WHAT THE EXERCISE ASKS
Transcribe everything in the listing below exactly, except the pictures.

PROVIDED MATERIAL
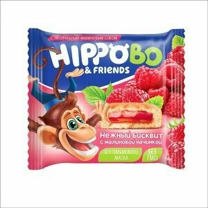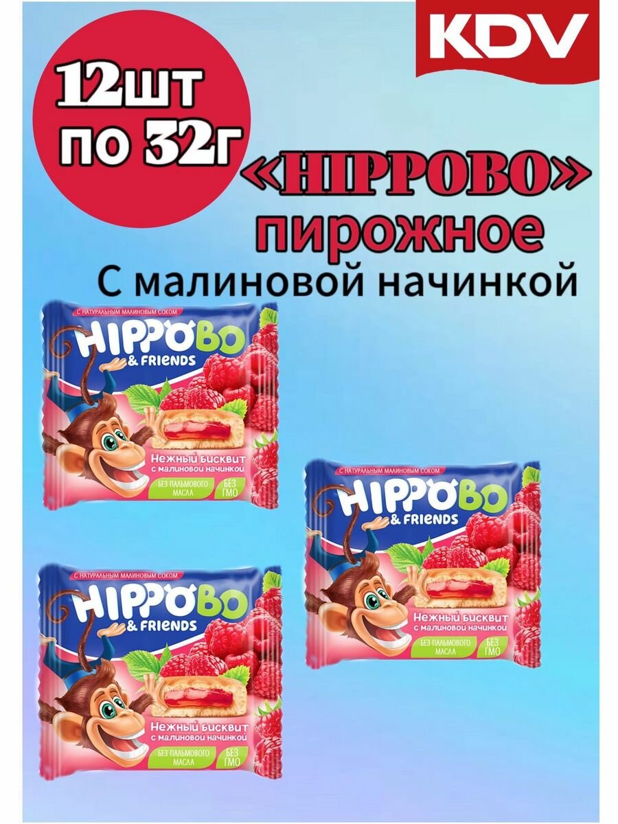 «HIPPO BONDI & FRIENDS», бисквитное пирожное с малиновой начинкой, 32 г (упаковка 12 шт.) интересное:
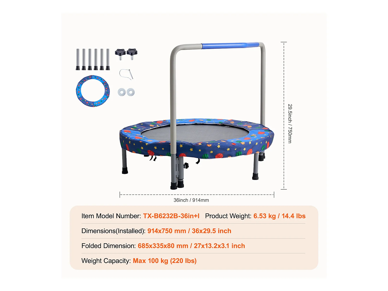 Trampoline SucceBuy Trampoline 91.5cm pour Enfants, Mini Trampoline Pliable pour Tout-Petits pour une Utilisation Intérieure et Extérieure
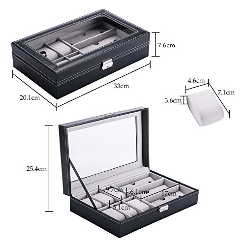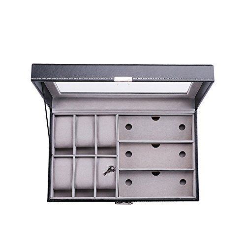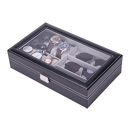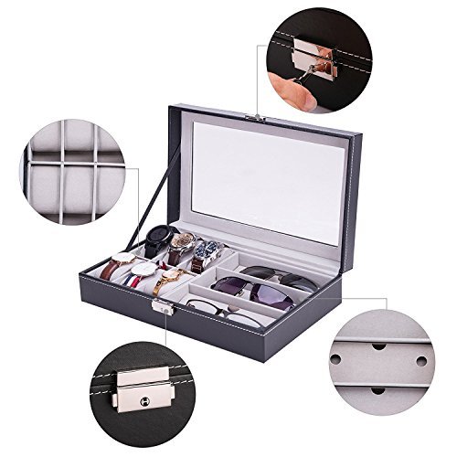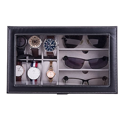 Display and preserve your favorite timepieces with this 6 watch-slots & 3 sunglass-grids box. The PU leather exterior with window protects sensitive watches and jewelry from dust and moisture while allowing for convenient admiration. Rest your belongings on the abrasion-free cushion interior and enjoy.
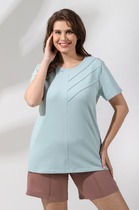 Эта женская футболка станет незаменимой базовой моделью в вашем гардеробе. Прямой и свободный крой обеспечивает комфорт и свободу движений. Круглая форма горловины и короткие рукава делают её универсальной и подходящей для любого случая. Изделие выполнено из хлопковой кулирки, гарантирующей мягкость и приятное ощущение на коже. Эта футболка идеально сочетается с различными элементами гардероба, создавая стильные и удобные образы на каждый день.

COMPLETED TASK
 «HIPPO BONDI & FRIENDS», бисквитное пирожное с малиновой начинкой, 32 г (упаковка 12 шт.) интересное:
 Trampoline SucceBuy Trampoline 91.5cm pour Enfants, Mini Trampoline Pliable pour Tout-Petits pour une Utilisation Intérieure et Extérieure
 Display and preserve your favorite timepieces with this 6 watch-slots & 3 sunglass-grids box. The PU leather exterior with window protects sensitive watches and jewelry from dust and moisture while allowing for convenient admiration. Rest your belongings on the abrasion-free cushion interior and enjoy.
 Эта женская футболка станет незаменимой базовой моделью в вашем гардеробе. Прямой и свободный крой обеспечивает комфорт и свободу движений. Круглая форма горловины и короткие рукава делают её универсальной и подходящей для любого случая. Изделие выполнено из хлопковой кулирки, гарантирующей мягкость и приятное ощущение на коже. Эта футболка идеально сочетается с различными элементами гардероба, создавая стильные и удобные образы на каждый день.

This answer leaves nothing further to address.